### WORK TASK
The line with "Кушетка для осмотра" through the last line of the entries: give these again exactly, and only these, without any pictures.

### Stored dataset items

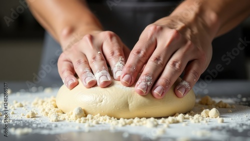 Fresh dough and flour on a board. dough for pizza or bread. kneading dough in kitchen
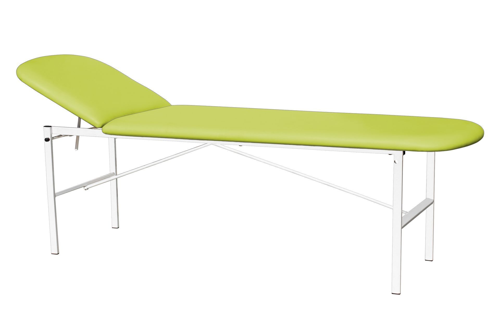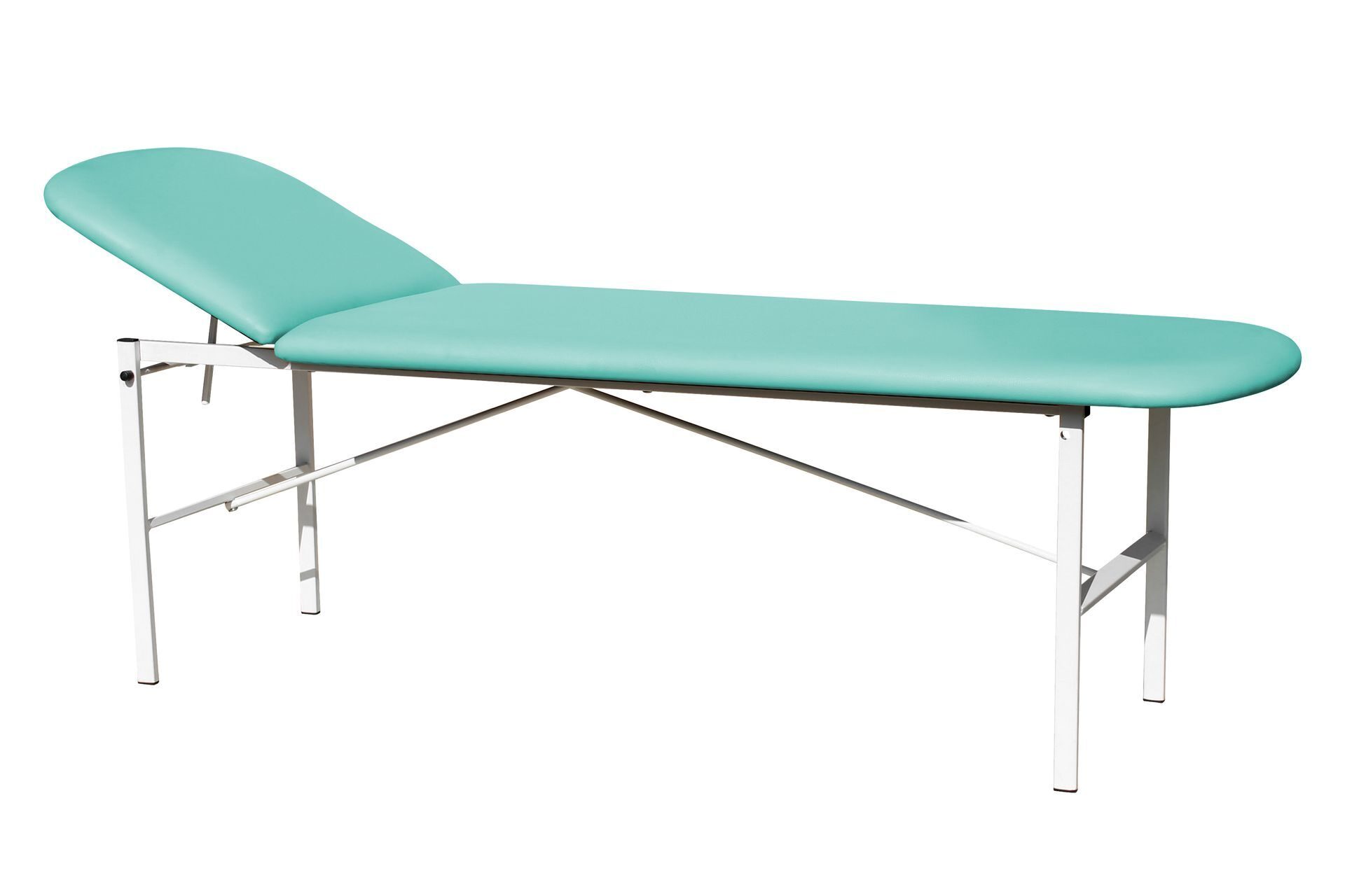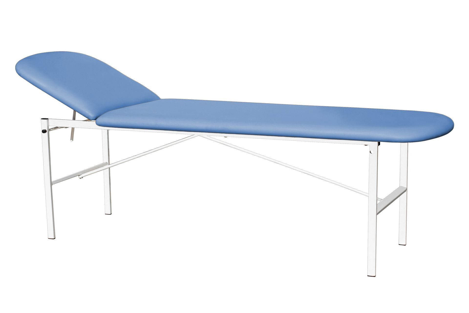 Кушетка для осмотра модели К02 имеет бесступенчатый подъёмный механизм изголовья - надёжный клиновый упор
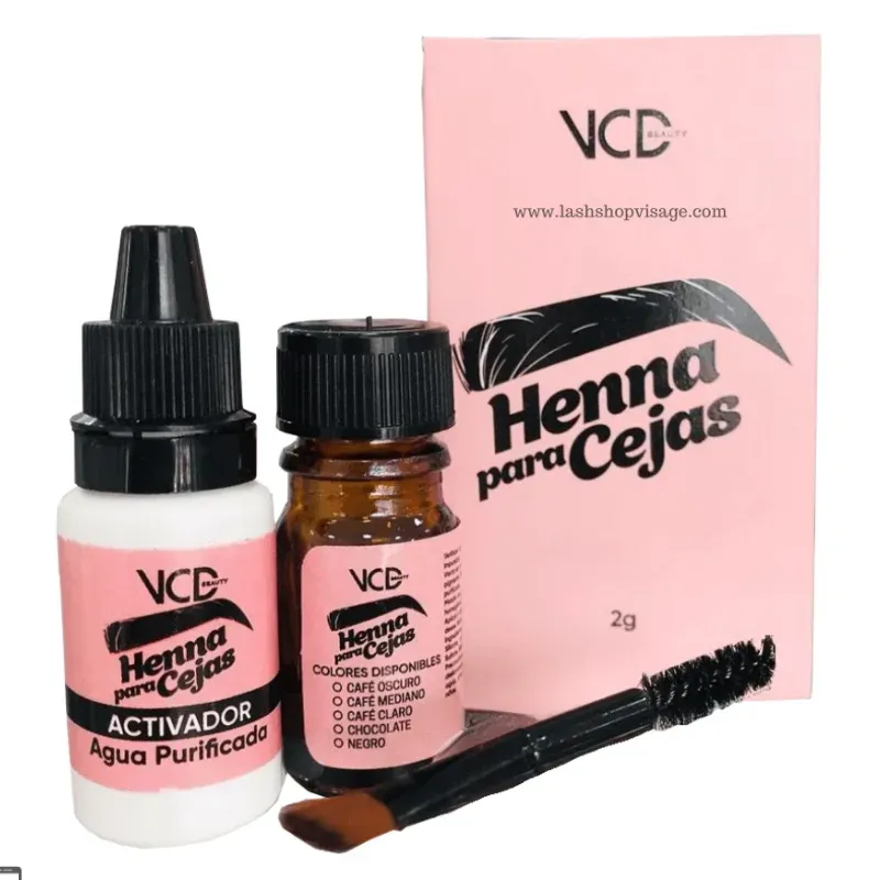 Kit de Henna para Cejas de la marca VCD Beauty. Es un tratamiento cosmético diseñado para teñir tanto el vello de la ceja como la piel debajo de este, ayudando a definir la forma, dar apariencia de mayor volumen y cubrir espacios vacíos.
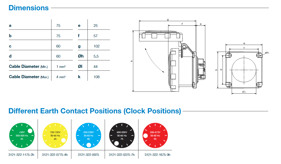 Розетка силовая встраиваемая (75х75) 2Р+РЕ 16А 240В IP67
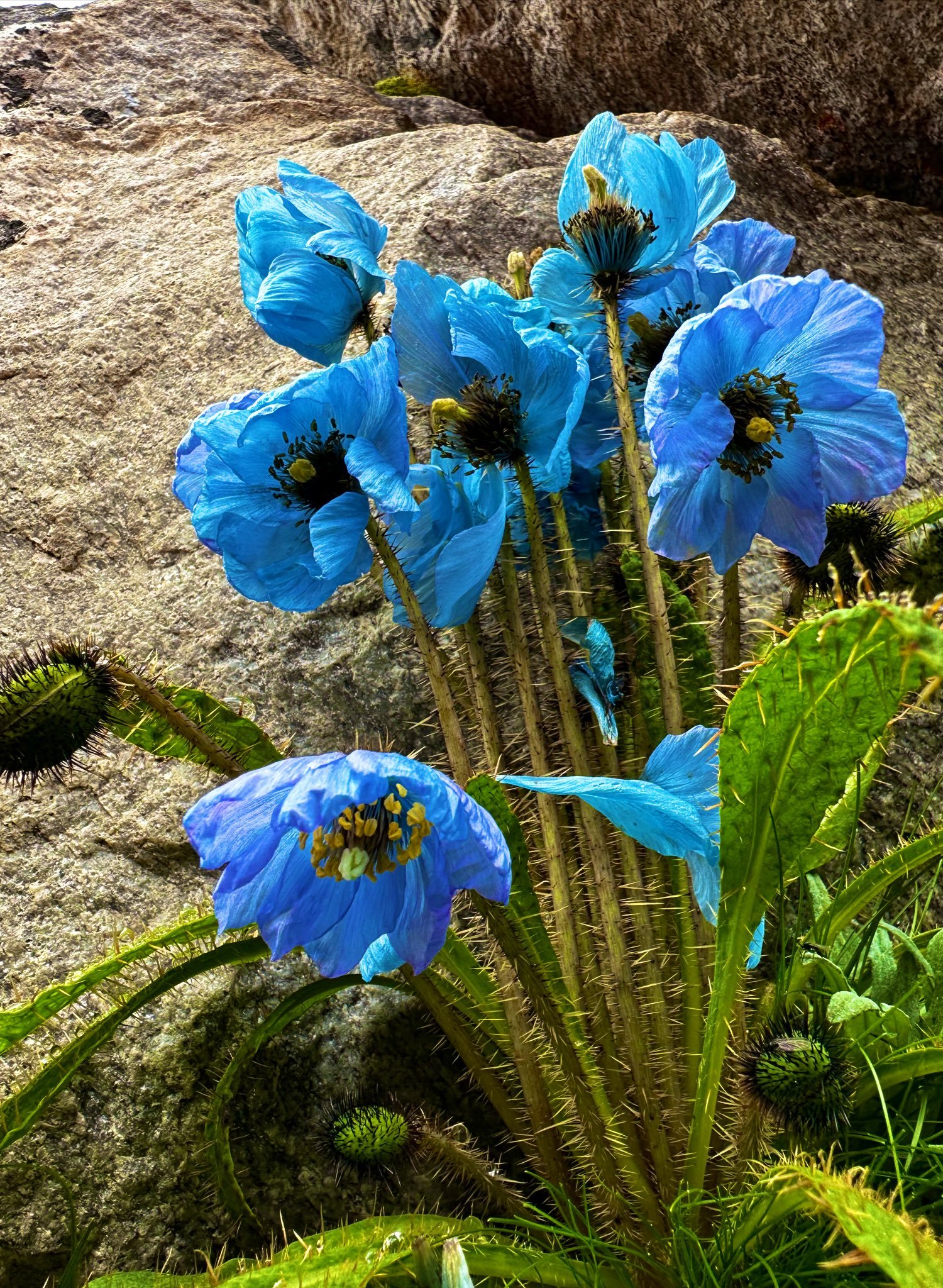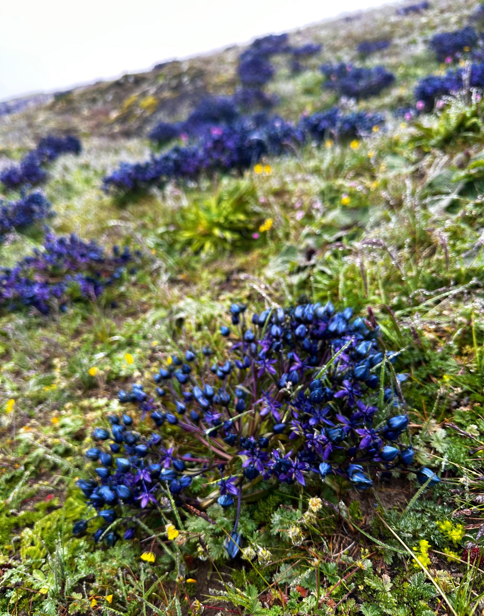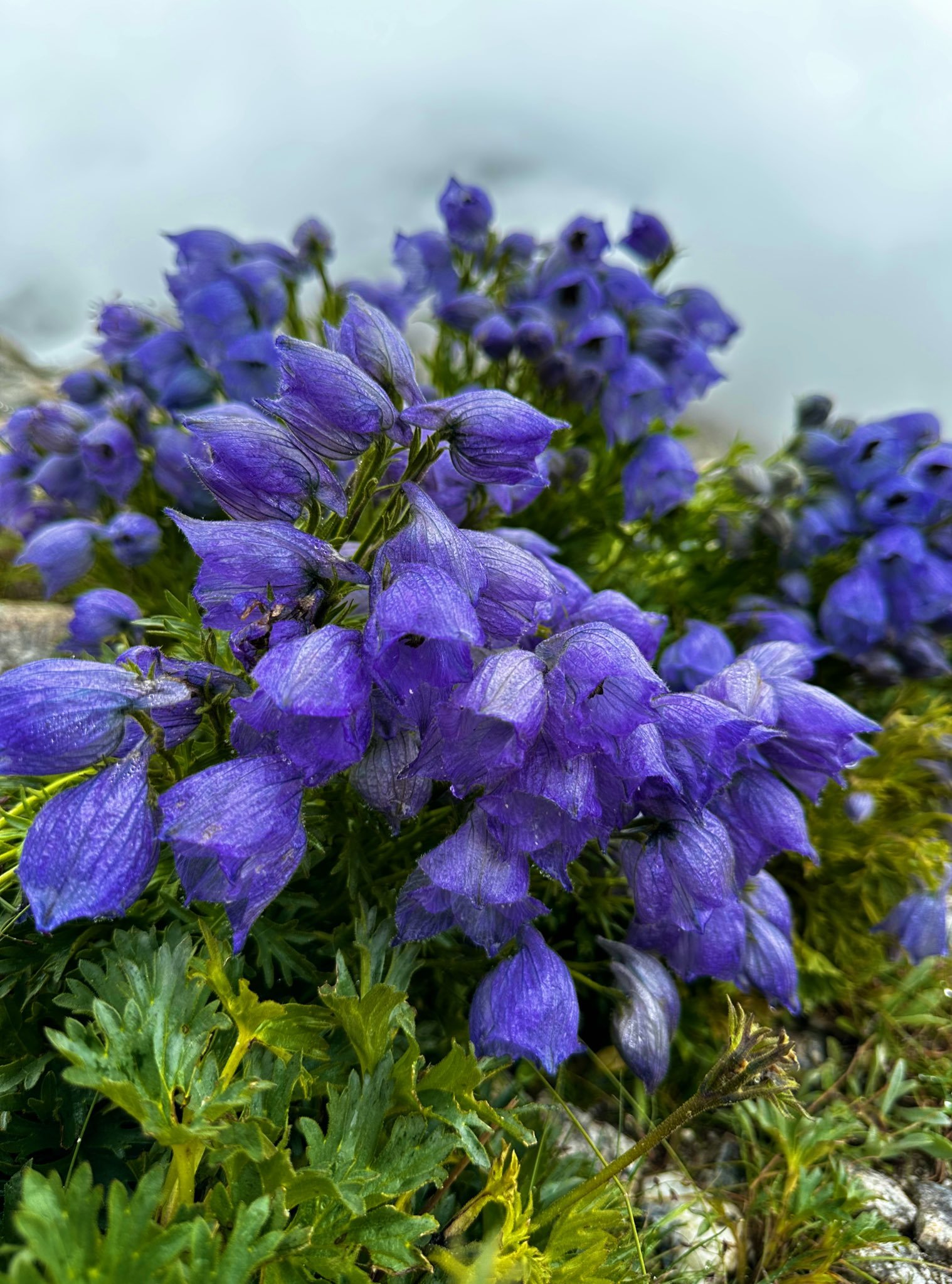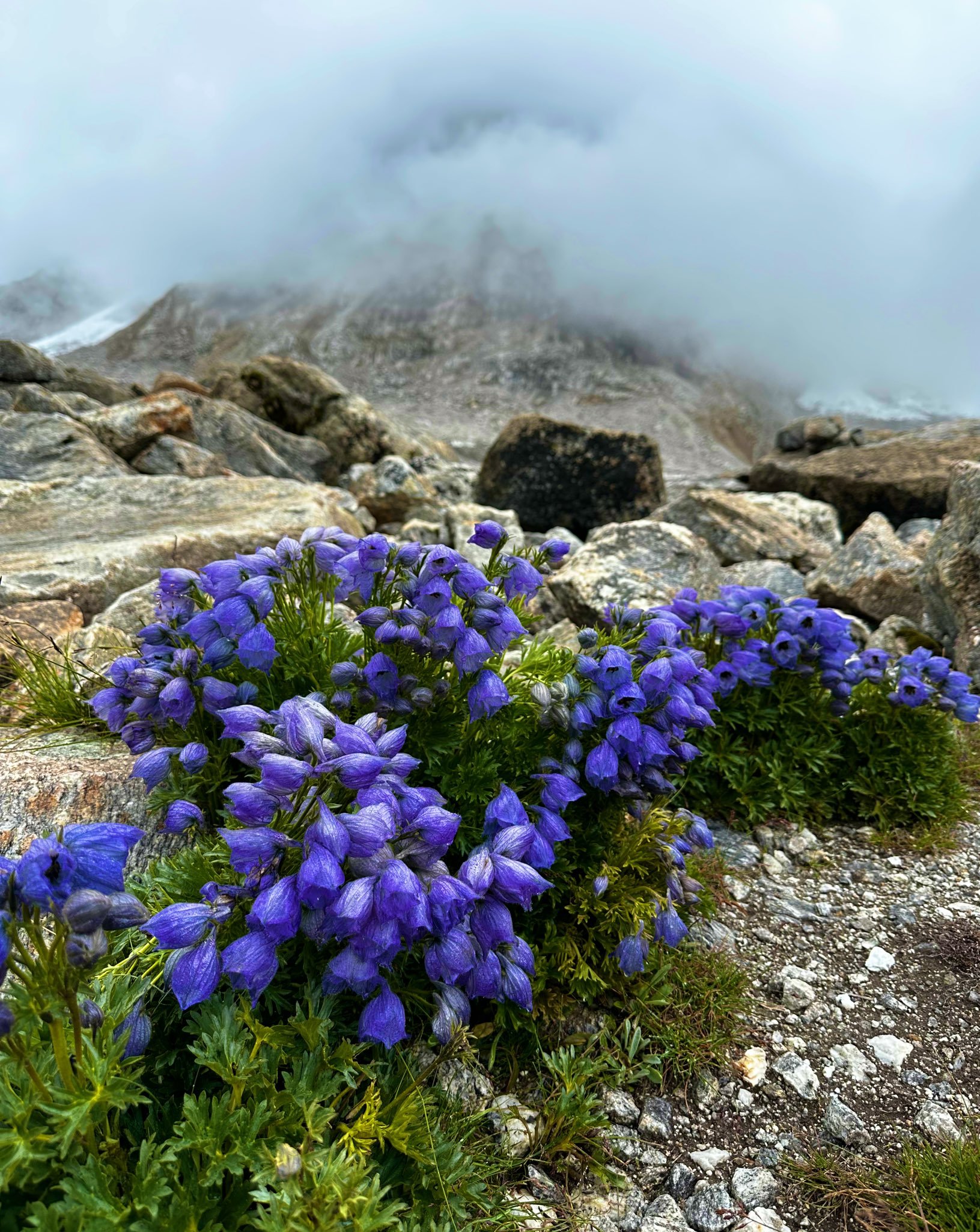 今日も登りながら色々な花と出会いました。名前が分からないのですが。 モンスーンは雨に打たれて大変ですが、しかし、登山シーズンにはない景色と出会えます。 今日もクンブ氷河のほとりでブルーポピー。

### REPLY
 Кушетка для осмотра модели К02 имеет бесступенчатый подъёмный механизм изголовья - надёжный клиновый упор
 Kit de Henna para Cejas de la marca VCD Beauty. Es un tratamiento cosmético diseñado para teñir tanto el vello de la ceja como la piel debajo de este, ayudando a definir la forma, dar apariencia de mayor volumen y cubrir espacios vacíos.
 Розетка силовая встраиваемая (75х75) 2Р+РЕ 16А 240В IP67
 今日も登りながら色々な花と出会いました。名前が分からないのですが。 モンスーンは雨に打たれて大変ですが、しかし、登山シーズンにはない景色と出会えます。 今日もクンブ氷河のほとりでブルーポピー。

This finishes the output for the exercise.